Bonsoir Patoune,
Tout à fait d'accord pour dire que l'opposition n'est pas aussi profonde qu'on pourrait le croire: "Paul" (même si l'on s'en tient aux épîtres couramment admises, en omettant au moins Ephésiens et les Pastorales) ne propose pas au bout du compte un salut sans oeuvres, et "Jacques" ne propose pas non plus un salut sans foi.
Cela étant, il reste que l'argument de Jacques 2 décalque et contredit formellement la rhétorique de l'épître aux Romains, en reprenant ostensiblement les mêmes formules à l'envers. L'emploi symétrique des mêmes termes, et en particulier la leçon inverse tirée de la même référence à Abraham, ne sont pas dus au hasard.

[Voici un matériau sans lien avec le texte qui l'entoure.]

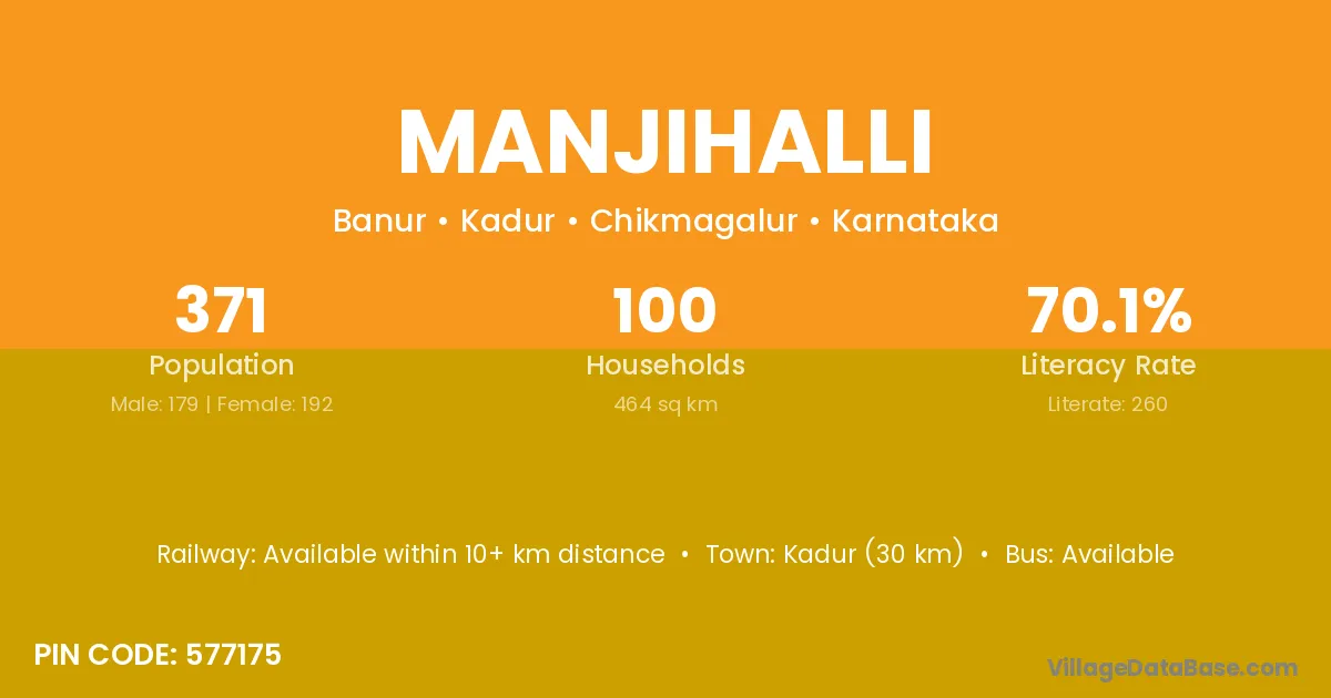 Kadur (30 km) is the nearest town to Manjihalli village for major economic activities and is located approximately 30 km away.
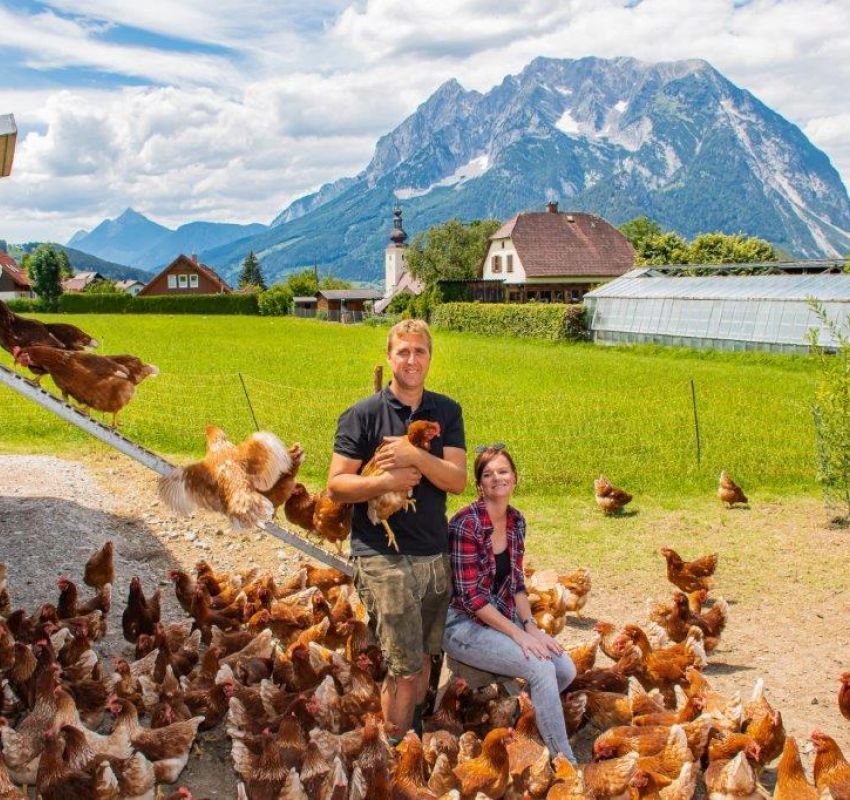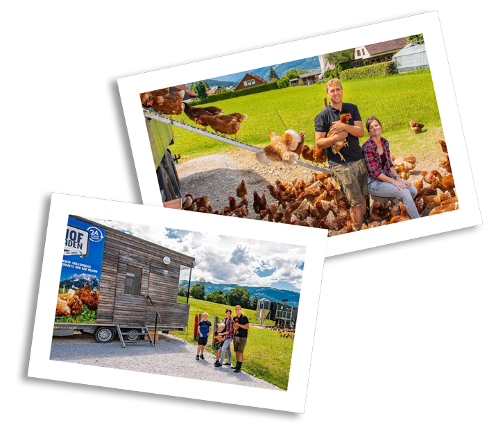 Seit Juli 2020 betreiben wir, Martin, Alex, Leo & Paul Gabriel in der Pichlarnerstraße 141 in Irdning mobile Hühnerställe. Mit Beginn des Jahres 2022 mit ca. 600 Hühnern. Zusätzlich bieten wir in unserem Hofladen regionale Produkte zur Selbstbedienung – und das 24/7.

Mais il faut se hâter d'ajouter que par cette démarche un tantinet sacrilège l'auteur de l'épître de Jacques vise moins Paul lui-même que les conséquences de son enseignement dans les Eglises qui se réclament de lui (Paul). L'accent mis sur la foi a débouché sur une pratique ecclésiale qui fait la part belle à la doctrine et aux "docteurs", qui donne priorité à la parole entendue et crue sur l'action (voir 1,22-25 et le chapitre 3); d'autre part la structure des Eglises pauliniennes les fait dépendre de riches protecteurs ou "patrons" qui accueillent l'assemblée "dans leur maison" et lui confèrent ainsi un statut social, dans le cadre du clientélisme romain: dans ce contexte, les "riches" ont évidemment plus de poids et d'honneur que les pauvres (voir le début du chapitre 2, et les reprises de ce thème en 1,9-11 et 5,1ss). Bref, on a des Eglises qui se disputent à qui mieux mieux sur "ce qu'il faut croire" et qui dans le même temps reproduisent les schémas sociaux du "monde" (cf. 1,26s et 4,1-4), sans jamais les remettre en question. Or la racine du "mal" est bien objectivement dans l'enseignement de Paul, qui fait de la "foi" et du "salut" une affaire exclusivement religieuse, et qui prône le statu quo en matière sociale (cf. 1 Corinthiens 7) -- même si ce n'était pas ce que Paul espérait de la "foi", qui garde chez lui la force d'un principe d'action.
Je ne saurais trop recommander le commentaire de François Vouga sur l'épître de Jacques, que j'ai trouvé très éclairant pour ma part. Le rapport de cette épître au paulinisme se comprend mieux quand on considère sa cohérence d'ensemble, et pas seulement le passage le plus visiblement antagoniste (2,14-24).